Для Саши я был - мальчишкой, родственником, соседом, и меня можно было взять в провожатые без всякого смущения. Не проронив ни слова, я прошел с Сашей до калитки. Здесь она остановилась и критически, как мне показалось, оглядела мою мальчишескую фигуру. Я молчал. Меня почему-то начала трясти лихорадка. Я впервые стоял один на один с девушкой на улице. Саша казалась мне при свете месяца - волшебно-красивой.

Не дождавшись от меня ни слова, она вдруг шлепнула меткой сирени по моему лицу, засмеялась и убежала…

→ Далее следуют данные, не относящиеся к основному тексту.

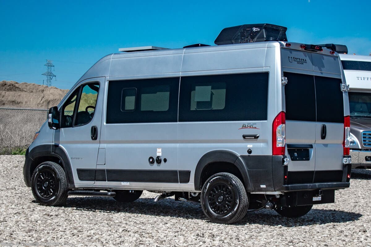 - 200W Solar Shop hundreds of motorhomes including B Van RVs at MHSRV! Choose from Midwest Automotive Designs Patriot – Patriot Cruiser – Forest River OGV V RV – V Cruise – Thor Motor Coach Tranquility – Entegra Coach Launch and more. We also buy and sell quality pre-owned models such as Airstream Interstate – Atlas – Jayco Terrain – Tiffin GH1 – Winnebago Revel – Adventure Wagon – Pleasure Way Plateau – Ascent – Roadtrek – Leisure Travel Wonder – Unity - Coachmen Galleria – Thor Sanctuary and much more. Visit for our complete line-up and the sale prices that have made us the #1 volume selling motor home dealership in the world 13 years in a row! About This RV This RV is powered by the RAM® ProMaster chassis, brought to life by a 3.6L V6 24V VVT 276HP engine and is approximately 17 feet, 10 inches in length. Inside, custom-molded ABS interior wall panels, a Uconnect® 5 NAV infotainment center and a swivel passengers seats bring high-end luxury to van life. The Arc includes many great features such as the Blind spot monitoring with rear cross path detection, LaneSense® lane departure warning with lane keep assist; Forward collision warning with active braking, rain-sensitive windshield wipers, wireless charging pads, drowsy driver detection, automatic high-beam highlights, heated holding tanks and much more. About Us For more details on this unit, our full inventory, brochures, window stickers, videos, photos, and customer reviews, visit or call 800-335-6054 for the Texas location or 334-288-0331 for our Alabama location. At Motor Home Specialist, we never charge prep or orientation fees. Every new RV sale includes a multi-point inspection, full interior and exterior detail. At our Texas location we also offer a high-pressure rain booth test—an exclusive service in the industry. You'll also receive a comprehensive coach orientation with an MHSRV technician and a complimentary night in our delivery park with full hook-ups at our Texas Location. --Why Pay More? Why Settle for Less?—
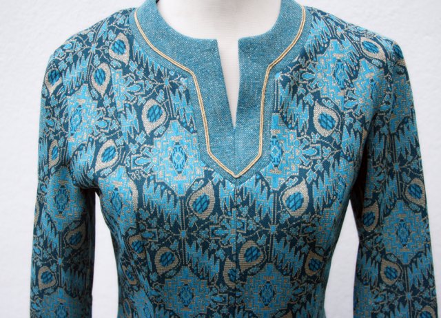 Angielska sukienka złoto-turkusowa formy DL BARRON
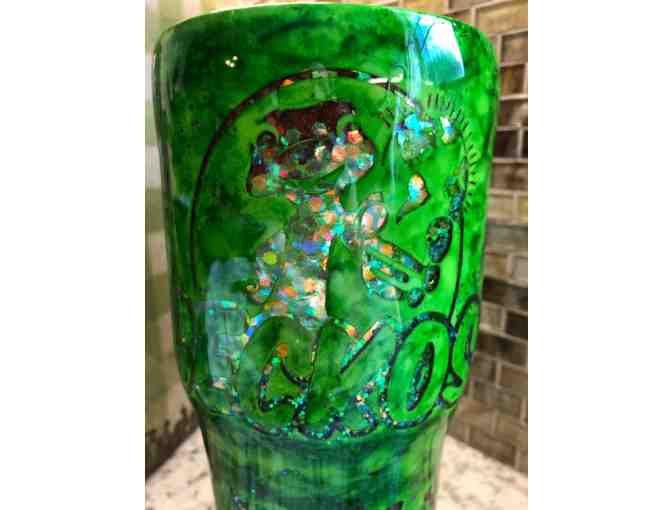 Show off your school spirit with this awesome one of a kind handmade cup. This 32oz tumbler cup includes a lid, 2 straws and holds hot or cold liquids. It's made with non - toxic glitter, food grade epoxy, and alcohol ink. Handwash only. Treat like glass, if dropped it will break!
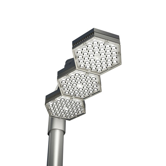 This street light comprises three hexagonal-shaped modules that are engineered with top-quality LED light sources for high-strength illumination. The LED street light has a high luminous efficacy of more than 130 lumens per watt. It offers remarkably high energy efficiency and an extended lifetime.
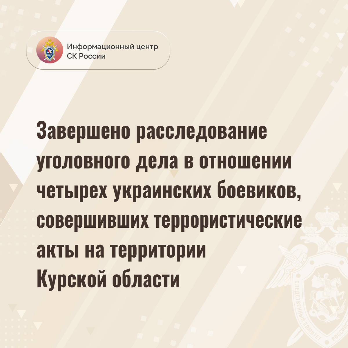 Следственным комитетом России завершено расследование уголовного дела в отношении военнослужащих 11-го отдельного батальона 22-й отдельной механизированной бригады вооруженных формирований Украины: Валерия Мальченко, Сергея Боченко, Сергея Литвиненко и Сергея Биличенко. Каждый из них обвиняется в совершении террористических актов на территории Курской области (п.п. «а», «в» ч. 2 ст. 205 УК РФ).

То было первое мое свидание с ней. Оно забылось очень скоро, а теперь, когда Саша, склонившись, над столом, вот так, в упор, смотрела на меня, снова всплыло в памяти. Я почувствовал: что-то изменилось в ее отношении ко мне. Да, конечно, я был не тот, что год назад, и эту перемену заметила Саша. Кажется, теперь я более походил на взрослого парня. Еще бы! Я работал на железной дороге, умел владеть не только киркой, но и пером конторщика, получал жалованье. И одет был лучше.

- Ты все это прочитал? - кивнула Саша на скудноватый набор книг в шкафу.

Я ответил с гордостью:

- Да, но что это? Пустяки! Я перечитал почти всю хуторскую библиотеку.

Саша завистливо вздохнула.

- А меня не учили в школе. Я неграмотная, - печально сказала она и задумалась.

Ее глаза стали влажными, очень грустными, губы обиженно вытянулись.

Я тут же воспылал желанием принести ей в жертву все свободные часы, даже на время отложил свою розовую тетрадь.

- Хочешь, я научу тебя читать и писать? - горячо предложил я. - Ты будешь читать так же, как и я. И писать быстро научишься. Сама будешь писать письма… кавалерам, - не удержался я от шпильки.

Она с упреком взглянула на меня пасмурными глазами.

- Каким кавалерам?! Выдумаешь! Я пошутковала. Я брату на войну буду писать. Всем кому надо буду писать. Так научишь?

- Научу. Это для меня - ерунда, - похвастался я. - Вот у меня тут и тетради есть, - сунул я руку в ящик стола. - Только ты приходи по вечерам, когда я буду приезжать с работы. Ладно? И, по воскресеньям приходи.

Саша недоверчиво смотрела на меня. Теперь глаза ее весело щурились, смеялись.

- И без обеда будешь оставлять? И на коленки ставить? Кажут: учителя в школе дюже сердитые. Чуть что - враз на колени.

- Ну зачем же на колени… - всерьез смутился я. - Ведь ты будешь учиться хорошо.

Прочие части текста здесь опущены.